Setting Priorities Fairly: Sustainable policies for effective resource allocation decisions

In September 2018 iDSI and Health Technology Assessment international (HTAi) hosted a first-of-its-kind event in Accra, Ghana – the first interdisciplinary event including academic, government, private and public sectors focused on health technology assessment (HTA) and related sustainable resource allocation policies in Sub-Saharan Africa. The two-day event set out to address the difficulties that low- and middle-income countries face in attempting to attain UHC, and put the spotlight specifically on how HTA can provide solutions. Almost 100 policy representatives from across Africa and Europe attended workshops that provided an overview of HTA, covering core technical components and how HTA could be integrated within a broader decision-making process.

Impact

The event was hosted by the Ministry of Health Ghana and endorsed by the Honorable Minister for Health, Mr Kwaku Agyemang-Manu. By leveraging the collective inputs from a great mix of delegates with a vast collection of knowledge, the event builds on the momentum within Ghana on the institutionalisation of HTA within the broader health system.

iDSI and HTAi anticipate the ideas and recommendations that stem from the event will further incite partnerships, development, innovation. More details of the event can be found here

Aligning global and national stakeholders to support HTA Institutionalisation in Ghana

As Ghana is moving beyond aid while still facing with an increasing disease burden relating to both infectious and non-communicable diseases, and the threat of pandemics, HTA needs to be ‘institutionalised’ so that evidence-informed resource allocation becomes the norm rather than the exception. This is a necessary step for achieving and sustaining UHC. The donor-driven domestic resource mobilisation agenda and the accompanying calls for strategic purchasing and efficiencies can only be implemented through addressing wasteful spending and ensuring the value for money of new prospective investments.
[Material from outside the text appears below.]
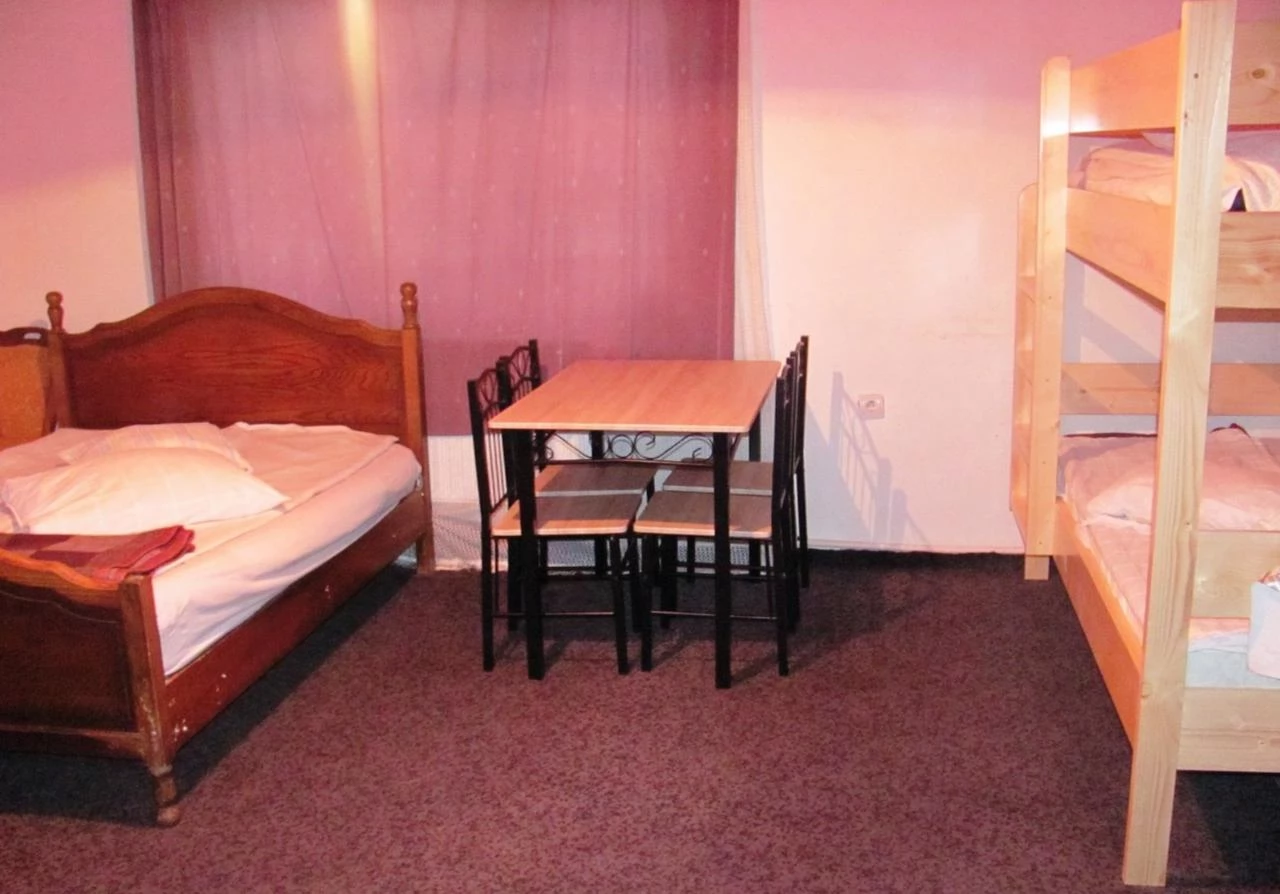 - 1 négyszemélyes szoba (franciaágy és emeletes ágy).
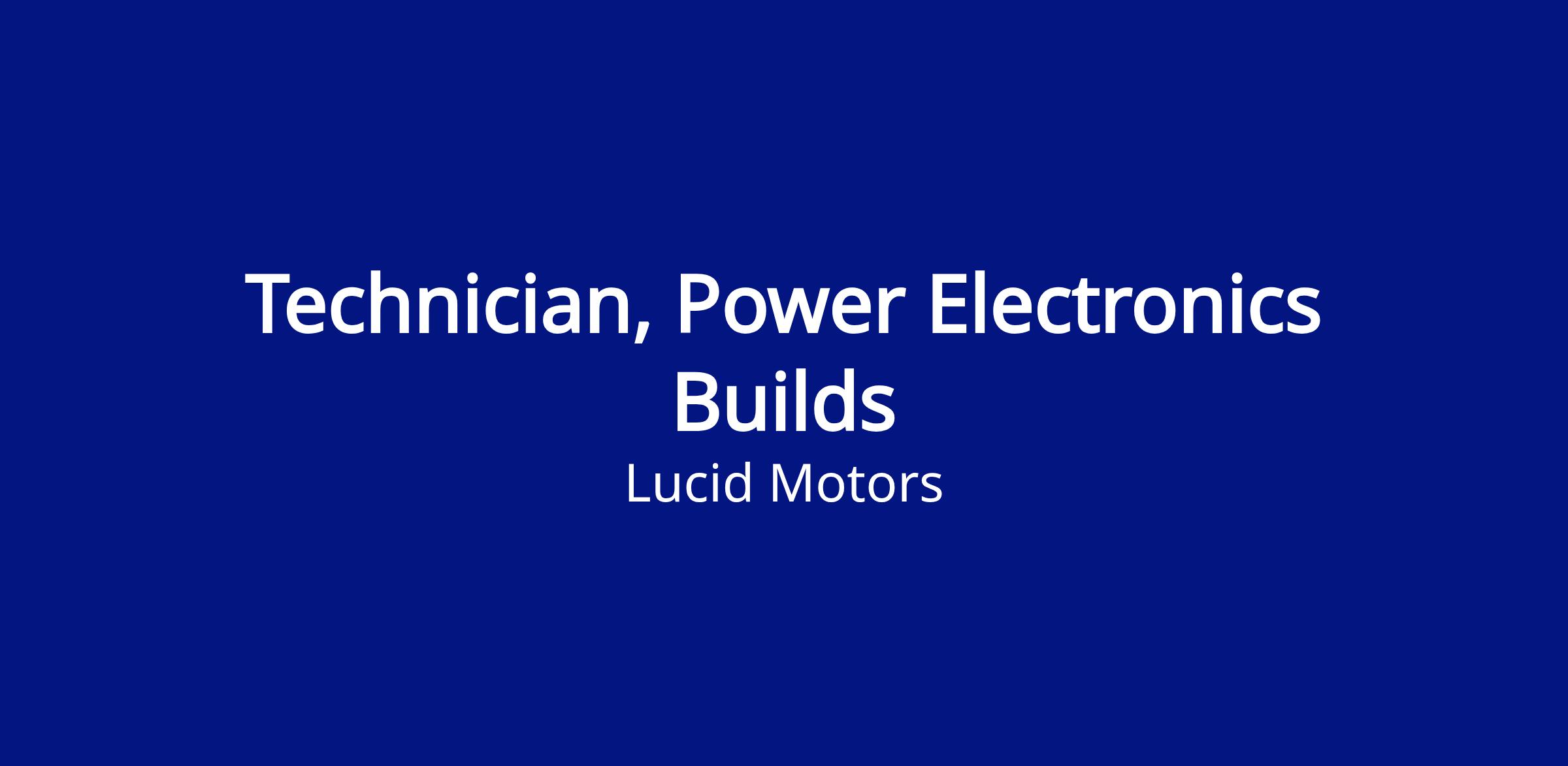 We are currently seeking a Power Electronics Prototype Build Technician The level will depend on the candidate’s experience. Our ideal candidate exhibits a can-do attitude and approaches his or her work with vigor and determination. Candidates will be expected to demonstrate excellence in their respective fields, to possess the ability to learn quickly and to strive for perfection within a fast-paced environment.

In 2018, colleagues from the Ministry of Health, Ghanaian universities (Kwame Nkrumah University of Science and Technology and University of Ghana), the Global Fund for AIDS, TB and Malaria, and iDSI (Global Health and Development Group; Norwegian Institute of Public Health, NIPH) discussed how to work together to implement the government’s vision for embedding HTA into decision-making within the wider health system.

Impact

  • What became apparent from the discussions was the need to build institutions which move the HTA process from involving ad-hoc project specific activities led by a Technical Working Group, to an arrangement involving a standing committee with an associated secretariat and analytical support provided by the Ministry of Health and universities. This is the wish of the President who recommended that HTA moves into legislation alongside tackling antimicrobial resistance and rational medicines use.
  • iDSI in collaboration with international partners has supported the development & launch of Ghana HTA strategy and launch of HTA structures comprising a high level steering committee, a technical working group, and a HTA secretariat. We are continuing discussions with Ghanaian counterparts to scope out and help them realise the next steps through capacity-building and advising on institutional set-up for HTA.